Hi all, I'd like to share a proposal Introducing a flag to opt in to HTTP/3 early data in the new HTTP loader on Darwin. The API is not currently available non-Darwin platforms. Please check out the details below.
Early Data Support in URLSession
- Proposal: SF-NNNN
- Authors: Guoye Zhang
- Review Manager: TBD
- Status: Pitch
- Implementation: swiftlang/swift-corelibs-foundation#5216
Introduction
HTTP/3 early data enables request transmission on a new connection with no round trip delays (0-RTT), improving the startup time of apps. We are introducing a new flag enablesEarlyData on URLSessionConfiguration to allow developers to opt in to the feature.
The flag is not available on non-Darwin platforms at this moment.
Example usage
Adopting HTTP early data and loading a URL.
let configuration = URLSessionConfiguration.default
configuration.usesClassicLoadingMode = false
configuration.enablesEarlyData = true
let session = URLSession(configuration: configuration)
let (data, response) = try await session.data(from: url)
Detailed design
By opting in to the flag, URLSession persists HTTP/3 connection state along with QUIC and TLS session state, allowing 0-RTT transmission of safe requests (GET or HEAD requests) when establishing a new connection to the same host.
open class URLSessionConfiguration {
/* Enables HTTP/3 0-RTT early data transmission of safe requests (GET or HEAD
requests).
WARNING: Inclusion in TLS early data changes the security guarantees offered
by TLS.
Requests sent in early data are not covered by anti-replay security
protections. Early data must be idempotent and the impact of adversarial
replays must be carefully evaluated, as the data may be replayed. Early data
also does not provide full forward secrecy; data transmitted is more
susceptible to data breach and security compromise of the server, even if
the breach happens after the data was transmitted.
See Section 8 of RFC8446 for more details.
https://datatracker.ietf.org/doc/html/rfc8446#section-8
See RFC8470 for additional discussion and security considerations.
https://datatracker.ietf.org/doc/html/rfc8470
If these risks are acceptable for your use case, set this property to true.
If unsure, false is the safest option.
NOTE: Not supported in the classic loading mode.
Defaults to false.
*/
@available(*, unavailable, message: "Not available on non-Darwin platforms")

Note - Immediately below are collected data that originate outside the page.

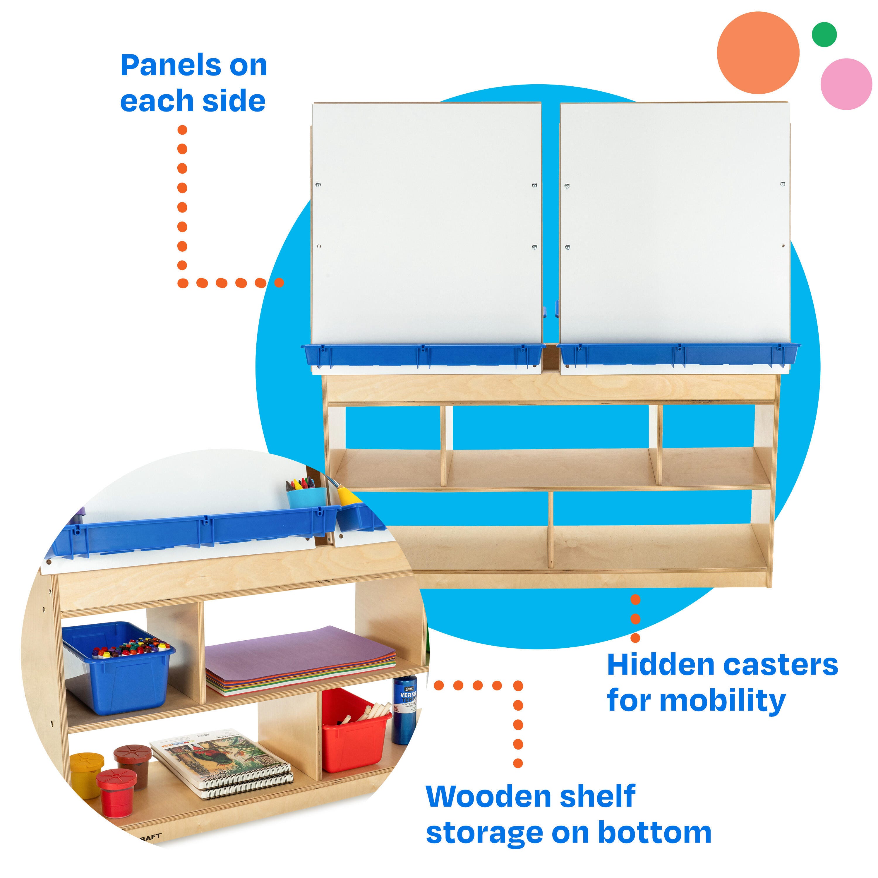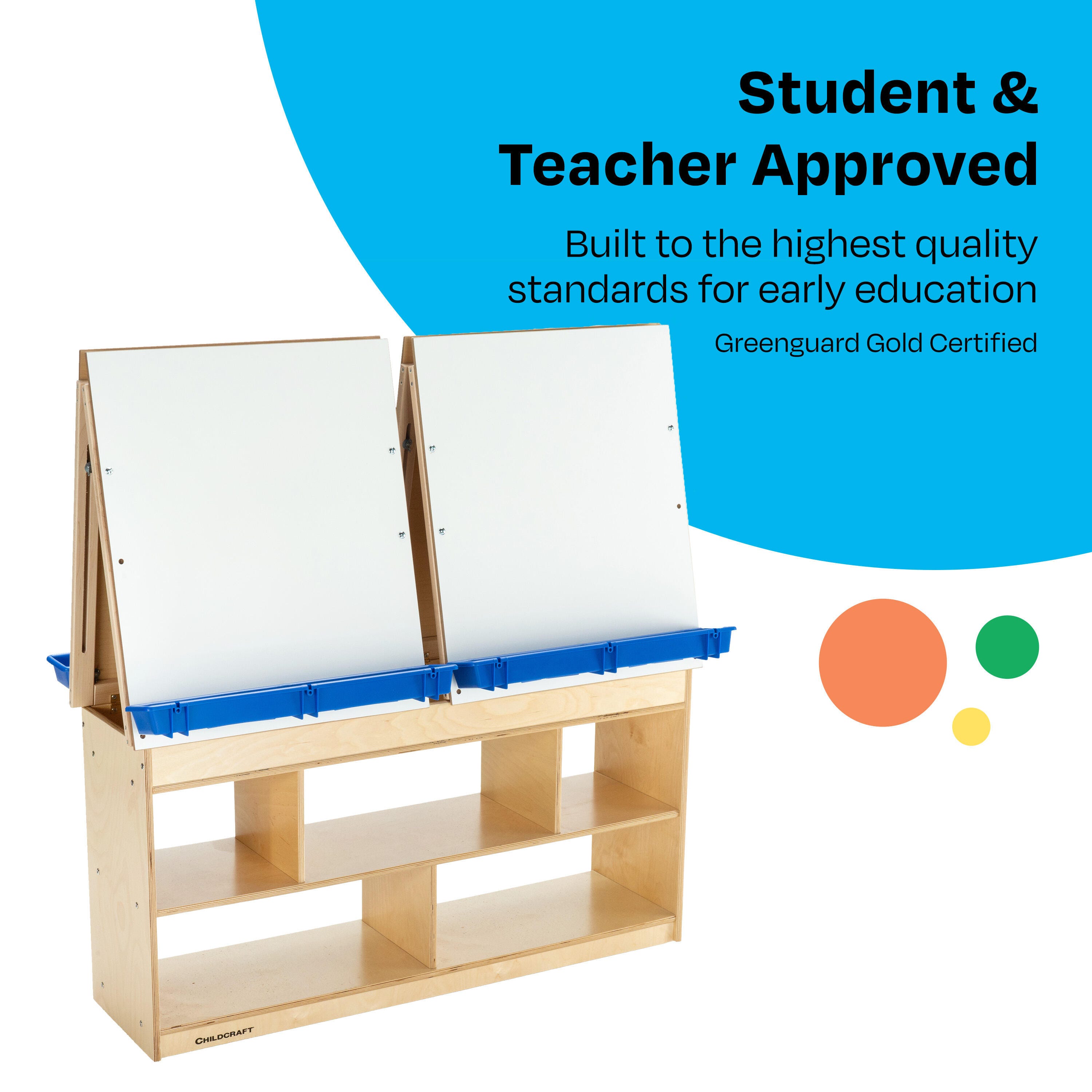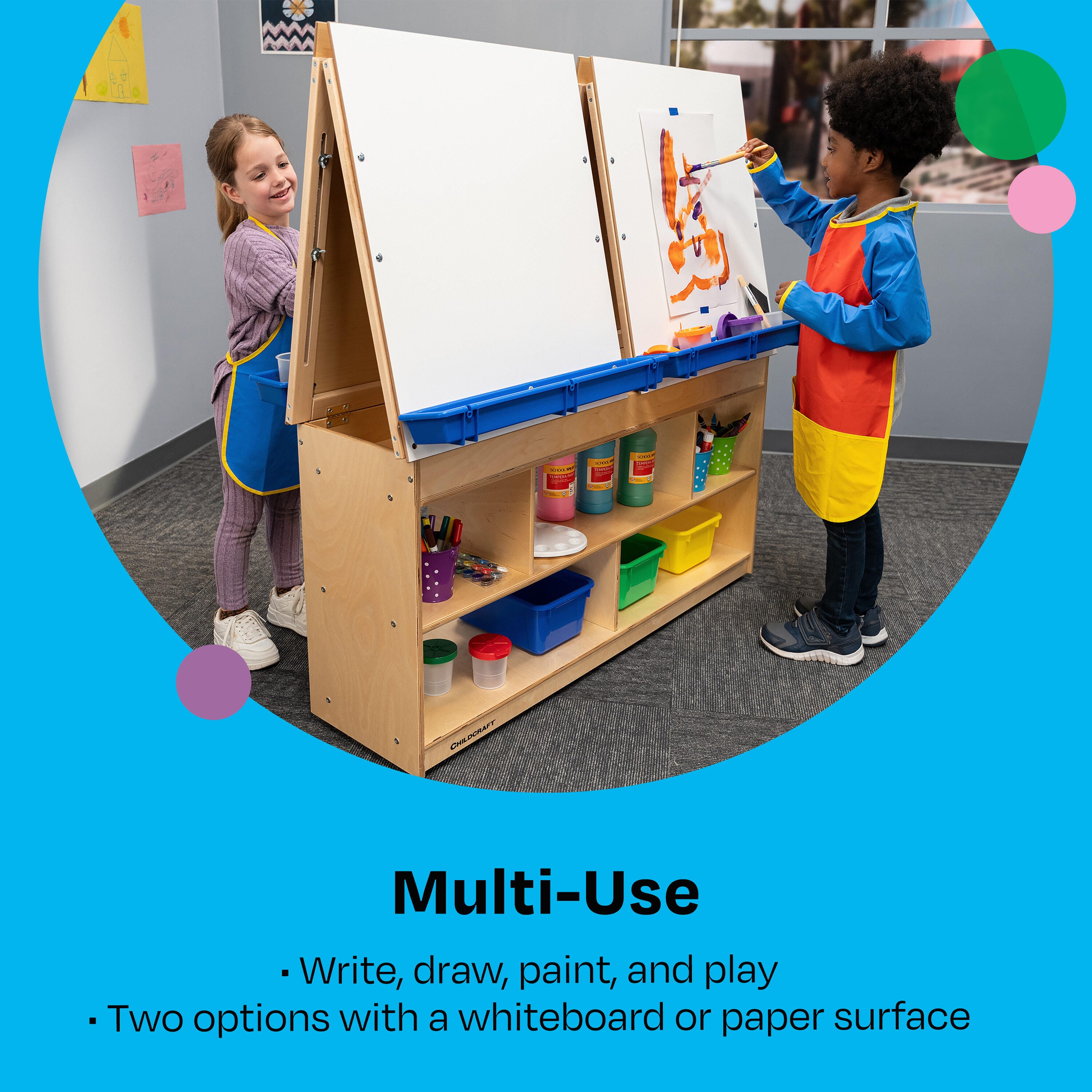 Childcraft® Art Easel Center features four dry erase panels, removable trays, and ample storage. Bottom caster wheels enable easy transportation from one corner of the room to another. Built with sturdy wooden materials for durability, this easel is designed for years of use. The wooden easel is perfect for writing, drawing, painting, or imaginative play in early childhood and elementary environments. Ample storage below is great for organizing art supplies, paints, markers, finished projects, and more. Simple assembly is required. This children’s easel measures 49-7/8 W x 13 D x 49-3/4 H inches.
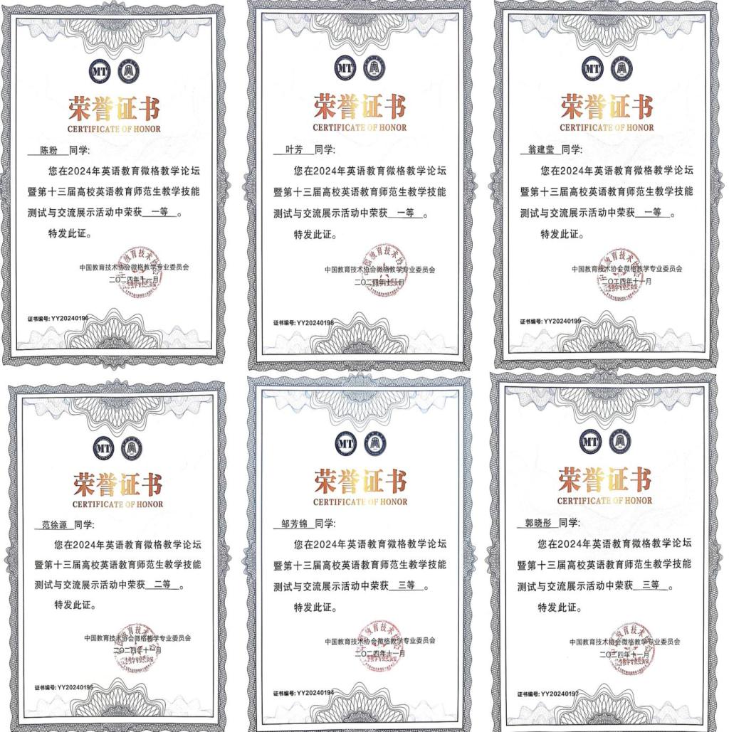 2024年11月15日至18日,由中国教育技术协会微格教学专业委员会主办、黄冈师范学院承办的2024年英语微格教学论坛暨第十三届高校英语教育师范生教学技能测试与交流展示活动在湖北省黄冈市顺利举行。来自华中师范大学、西南大学、四川师范大学、西北师范大学等全国90余所高校的327名选手报名参赛。参赛选手涵盖本科、研究生学段,授课内容包括小学、初中、高中全部学段,活动覆盖面广,选手综合素质高。我院英语专业六名同学在英语系相关老师的组织和悉心指导下,以精妙的教学设计、精美的课件、生动的语言、优秀的课堂呈现在比赛中脱颖而出,取得了优异成绩。其中,翁建莹、陈粉、叶芳三位同学获得一等奖、范徐源同学获得二等奖;郭晓彤、邹芳锦两位同学获得三等奖。
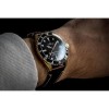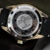 青銅在漸層黑錶盤與黑色皮革搭襯下更加唯美,特殊的皮革袋中配有棕色皮帶及快拆的裝備
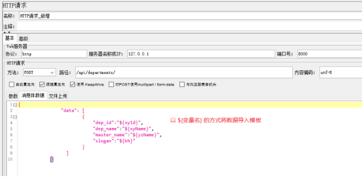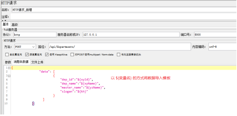 编写新增脚本(注意: 提交的是 JSON 数据,请设置信息头管理器)
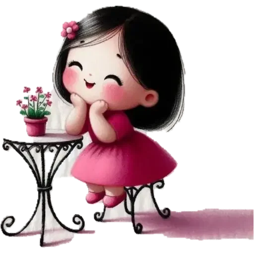 Menina de cabelo preto e vestido rosa sentada à mesa com um vaso de flores cor-de-rosa, com as mãos no rosto e olhos fechados.
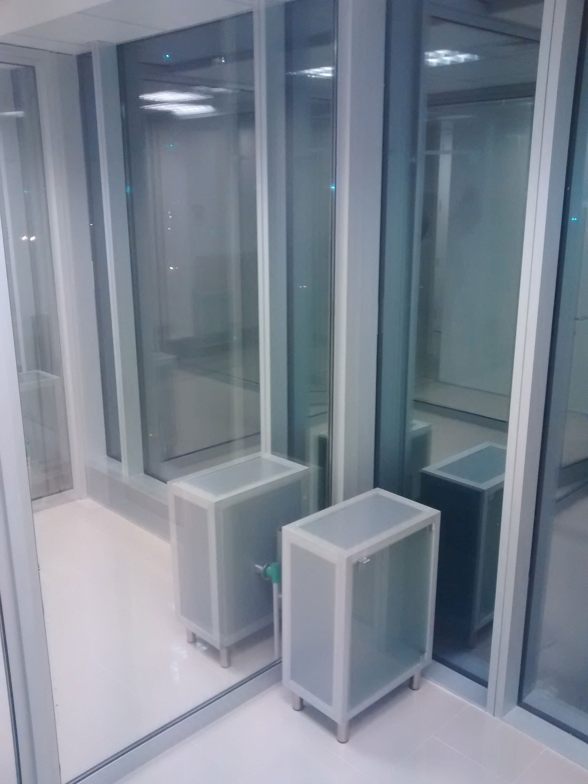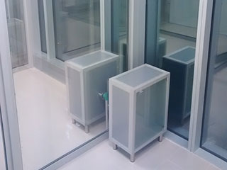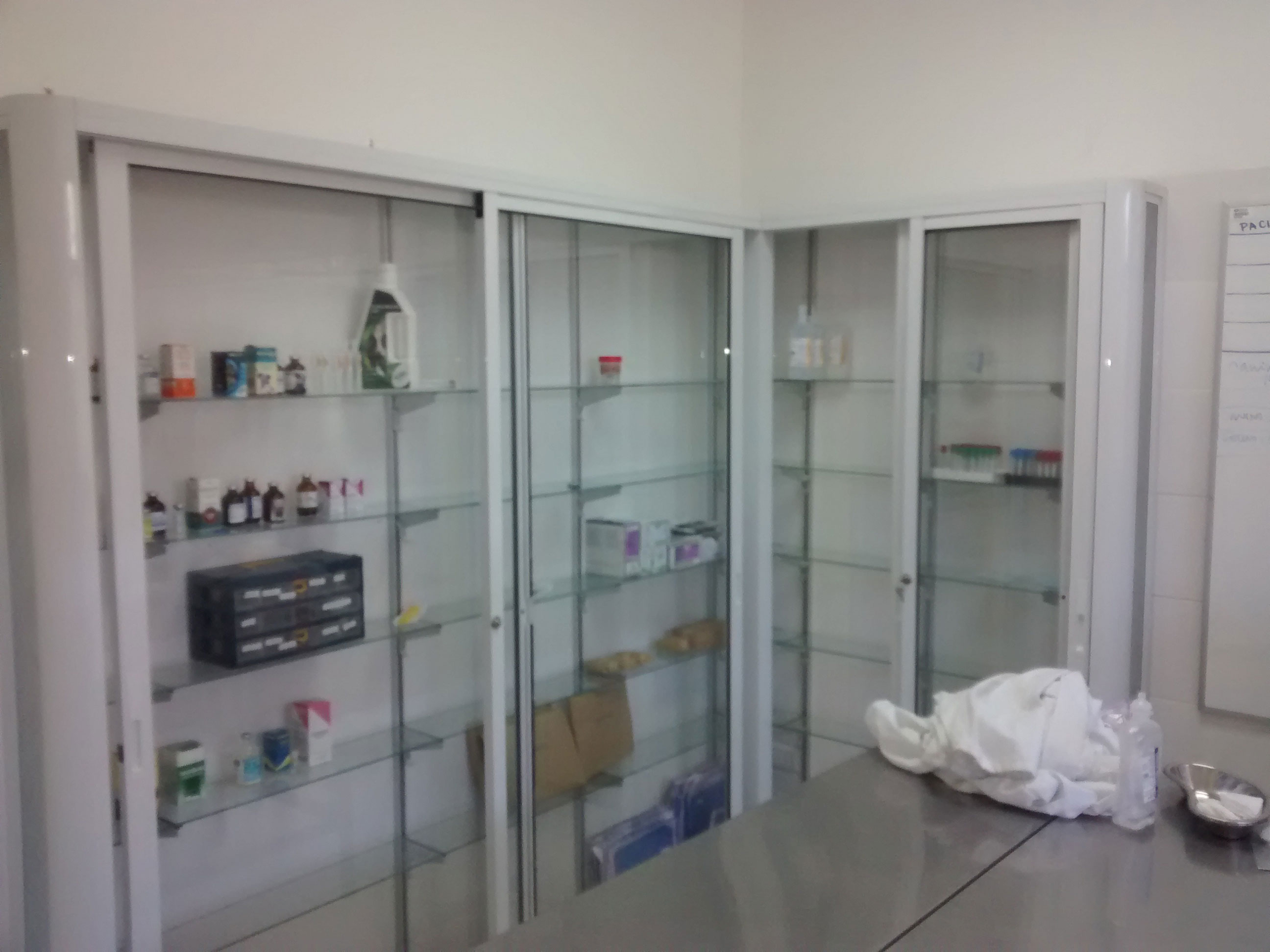Clínica Veterinaria Universidad de las AméricasMueble estructurado en perfiles de aluminio blanco con cristales incoloros donde se consideraron repisas interiores.
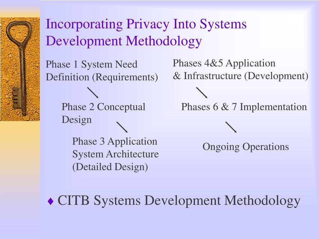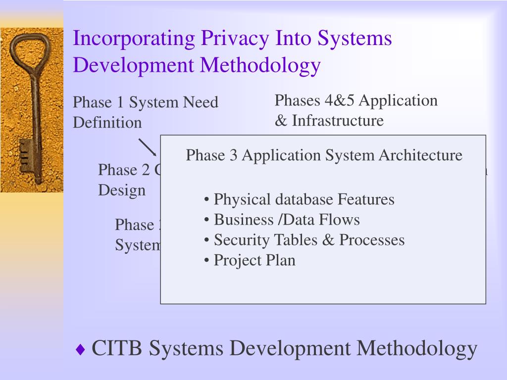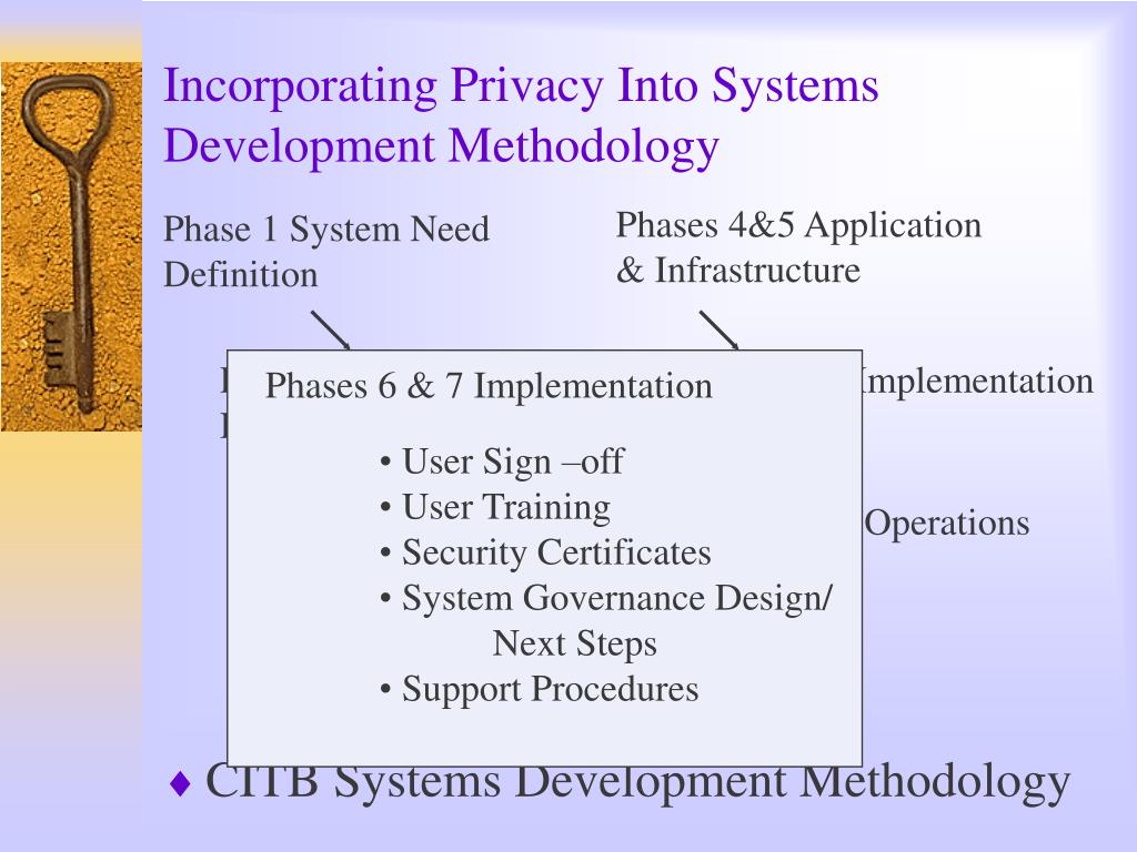 Incorporating Privacy Into Systems Development Methodology Phases 4&5 Application & Infrastructure • CITB Systems Development Methodology Phase 1 System Need Definition Phase 2 Conceptual Design Phases 6 & 7 Implementation Phase 3 Application System Architecture Ongoing Operations
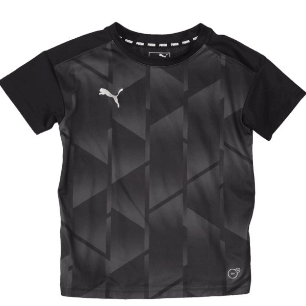 Sportief zwart Puma shirt voor jongens in maat 128. Gemaakt van ademend Dry Cell polyester met mesh rug. Licht gedragen, geen vlekken of gaten.
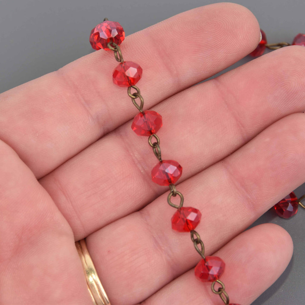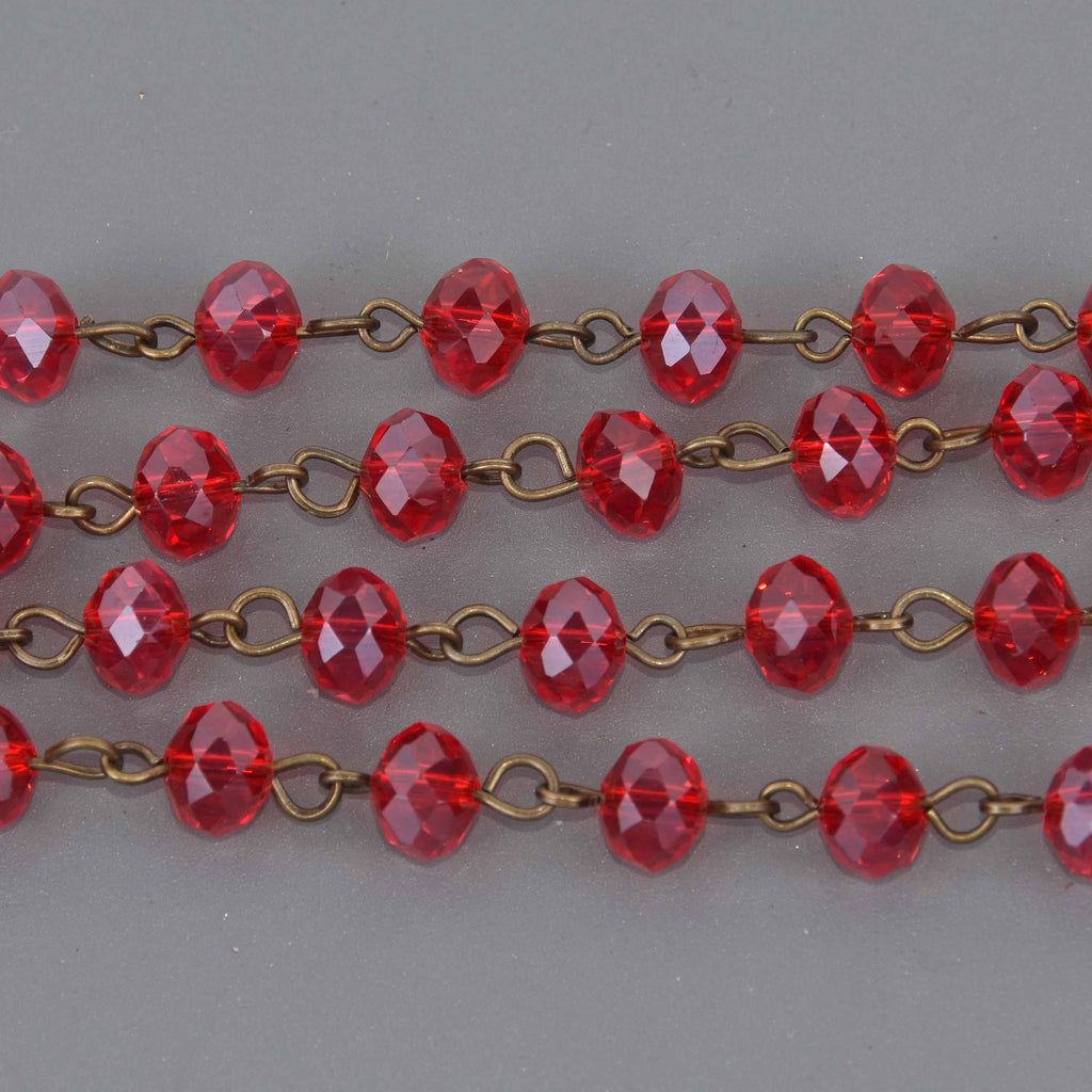 1 yard RED Crystal Rondelle Rosary Chain, bronze wire, 8mm faceted glass beads, fch1342a

open var enablesEarlyData: Bool
}
Source compatibility
No impact.
Implications on adoption
This feature can be freely adopted and un-adopted in source code with no deployment constraints and without affecting source compatibility.
Future directions
Some apps use unsafe method such as POSTs to transfer idempotent data, and they might want to send those requests in the early data. This can be supported in the form of a flag URLRequest.unsafeAllowsInEarlyData on a per-request basis. However, it is not needed for the majority of the use cases.
Alternatives considered
Enabling early data by default
0-RTT early data can be replayed by an attacker, and we do not know if the server has sufficient mitigations of such an attack. Therefore we ask developers to enable this flag at their own risk.